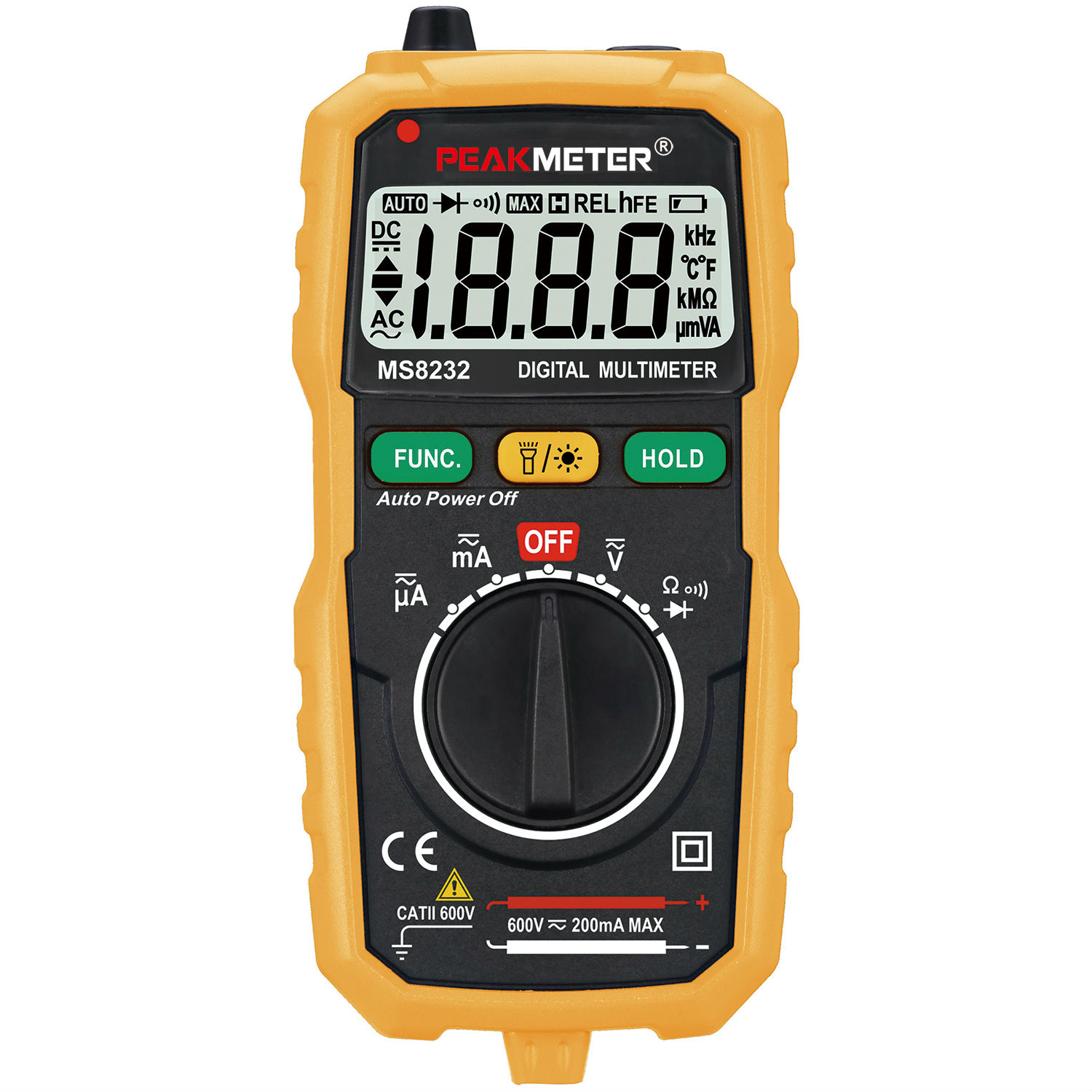 3 1/2 digits LCD display with unit annunciators, max. reading 1999 Non-contact AC voltage detection (NCV) Data hold for easy reading Torch light and LCD backlit Auto ranging, auto power-off Side attachable test leads Ideal for hobbyist and DIY users Safety as per IEC1010-1 Cat.II 600V Technical specifications: DCV: 200m/2/20/200/600V, ±0.5% ACV: 2/20/200/600V, ±0.8% DCA: 200m/2m/20m/200mA, ±1.8% ACA: 200m/2m/20m/200mA, ±2.0% OHM: 200/2k/20k/200k/2M/10MΩ, ±1.0% Audible continuity & diode test Dimensions: 62x130x27 mm Weight: approx. 150g Battery: 1.5Vx2, AAA size
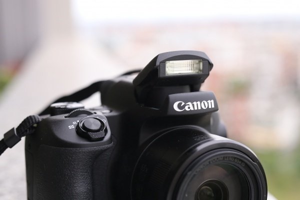 Il flash può essere estratto manualmente quando necessario (attivazione forzata) ma non è stata previsto un contatto hot show presente invece sulla precedente PowerShot SX60 HS.
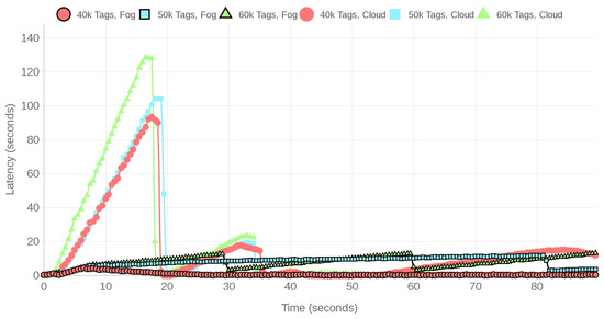 - In the shipyard, it is not usual to manage more than 1000 tags with only one computational device, but it is interesting to evaluate such a scenario to determine the performance of the implemented architectures. Thus, it can be observed that a single inexpensive fog gateway that runs the implemented positioning service can respond faster and with a higher sample processing success rate than a cloud-based system for up to 40,000 simultaneous tags. For 50,000 or more tags, the fog gateway gets saturated and the cloud system becomes a faster alternative, although its sample processing rate is lower than for the fog gateway.
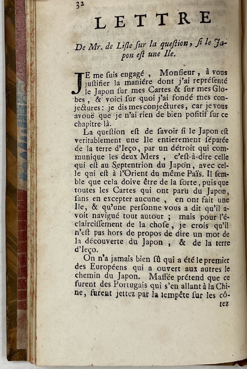 第3巻1の著者であるリール(Mr. de Lisle)についての詳細は不明ですが、この論考では、当時「日本」と呼ばれていた本州と、その北方にある蝦夷(現在の北海道)が繋がっているのか否か、また蝦夷がアジア、あるいはアメリカ大陸とつながっているのかどうかについて、それまでヨーロッパで刊行された日本図や記事を比較検討しながら論じたものです。リールは、イエズス会士フロイスの書簡や、本書に収録されているカロンの著作なども援用しながら考察を行なっており、北東航路の実現のために重要な位置を占めていた蝦夷近辺の地理情報をできるだけ多角的に整理しようと試みているようです。この論考は、『北方探検記』の編者であるバーナードの意図に最も沿った内容であることから、冒頭に置かれたものと思われます。
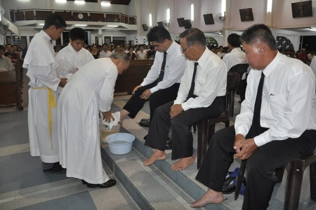 Holy Thursday found Bishop Julius washing the feet of 12 chosen parishioners of the Cathedral Parish, recalling the acts of Jesus at the last supper when he instructed his apostles to serve one another (Jn 13: 3-17). The humble act befits the motto of the prelate, ‘Serve one another with God’s love.’ The celebration encompasses the threefold, most high gifts of the ministerial priesthood, the Eucharist and the new commandment of love.
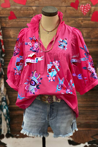 Stay on trend this season in our new romantic, v neck blouse. We especially love the floral print fabric and think this piece will be a new favorite in your closet!
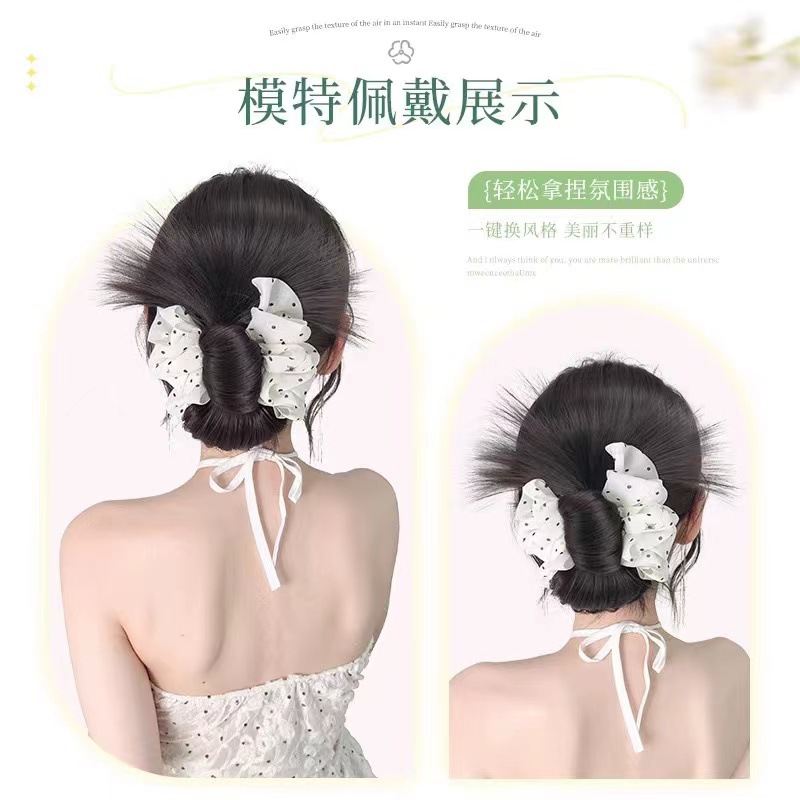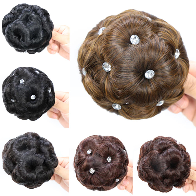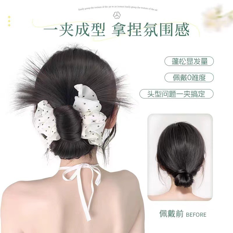 かつらの団子の髪の輪の女性の怠け者の半団子のつぼみの頭のつかみはふわふわしています。
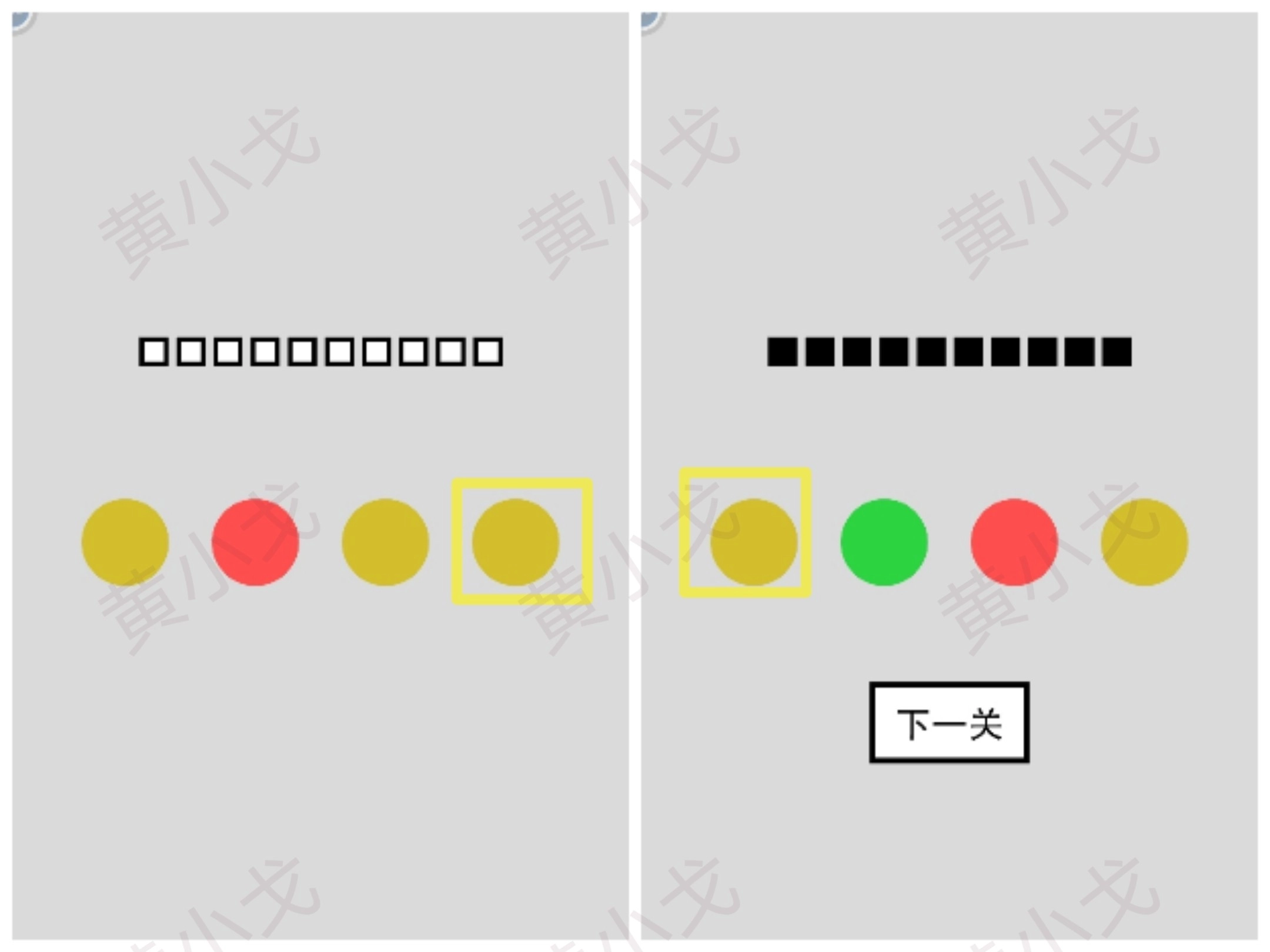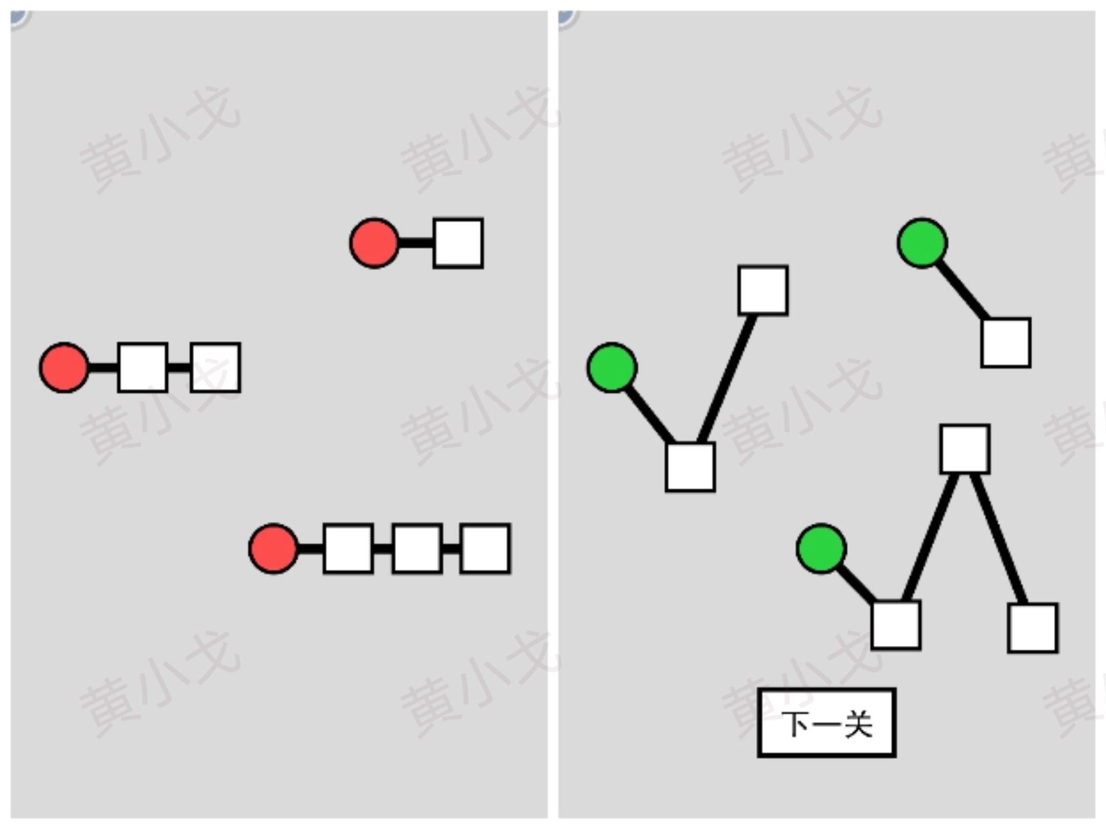 把方块放到正确位置,红圆变绿圆;点击下一关按钮
####
What you will do
Please output the material above again, exactly, and omit every image.

Your solution
 3 1/2 digits LCD display with unit annunciators, max. reading 1999 Non-contact AC voltage detection (NCV) Data hold for easy reading Torch light and LCD backlit Auto ranging, auto power-off Side attachable test leads Ideal for hobbyist and DIY users Safety as per IEC1010-1 Cat.II 600V Technical specifications: DCV: 200m/2/20/200/600V, ±0.5% ACV: 2/20/200/600V, ±0.8% DCA: 200m/2m/20m/200mA, ±1.8% ACA: 200m/2m/20m/200mA, ±2.0% OHM: 200/2k/20k/200k/2M/10MΩ, ±1.0% Audible continuity & diode test Dimensions: 62x130x27 mm Weight: approx. 150g Battery: 1.5Vx2, AAA size
 Il flash può essere estratto manualmente quando necessario (attivazione forzata) ma non è stata previsto un contatto hot show presente invece sulla precedente PowerShot SX60 HS.
 - In the shipyard, it is not usual to manage more than 1000 tags with only one computational device, but it is interesting to evaluate such a scenario to determine the performance of the implemented architectures. Thus, it can be observed that a single inexpensive fog gateway that runs the implemented positioning service can respond faster and with a higher sample processing success rate than a cloud-based system for up to 40,000 simultaneous tags. For 50,000 or more tags, the fog gateway gets saturated and the cloud system becomes a faster alternative, although its sample processing rate is lower than for the fog gateway.
 第3巻1の著者であるリール(Mr. de Lisle)についての詳細は不明ですが、この論考では、当時「日本」と呼ばれていた本州と、その北方にある蝦夷(現在の北海道)が繋がっているのか否か、また蝦夷がアジア、あるいはアメリカ大陸とつながっているのかどうかについて、それまでヨーロッパで刊行された日本図や記事を比較検討しながら論じたものです。リールは、イエズス会士フロイスの書簡や、本書に収録されているカロンの著作なども援用しながら考察を行なっており、北東航路の実現のために重要な位置を占めていた蝦夷近辺の地理情報をできるだけ多角的に整理しようと試みているようです。この論考は、『北方探検記』の編者であるバーナードの意図に最も沿った内容であることから、冒頭に置かれたものと思われます。
 Holy Thursday found Bishop Julius washing the feet of 12 chosen parishioners of the Cathedral Parish, recalling the acts of Jesus at the last supper when he instructed his apostles to serve one another (Jn 13: 3-17). The humble act befits the motto of the prelate, ‘Serve one another with God’s love.’ The celebration encompasses the threefold, most high gifts of the ministerial priesthood, the Eucharist and the new commandment of love.
 Stay on trend this season in our new romantic, v neck blouse. We especially love the floral print fabric and think this piece will be a new favorite in your closet!
 かつらの団子の髪の輪の女性の怠け者の半団子のつぼみの頭のつかみはふわふわしています。
 把方块放到正确位置,红圆变绿圆;点击下一关按钮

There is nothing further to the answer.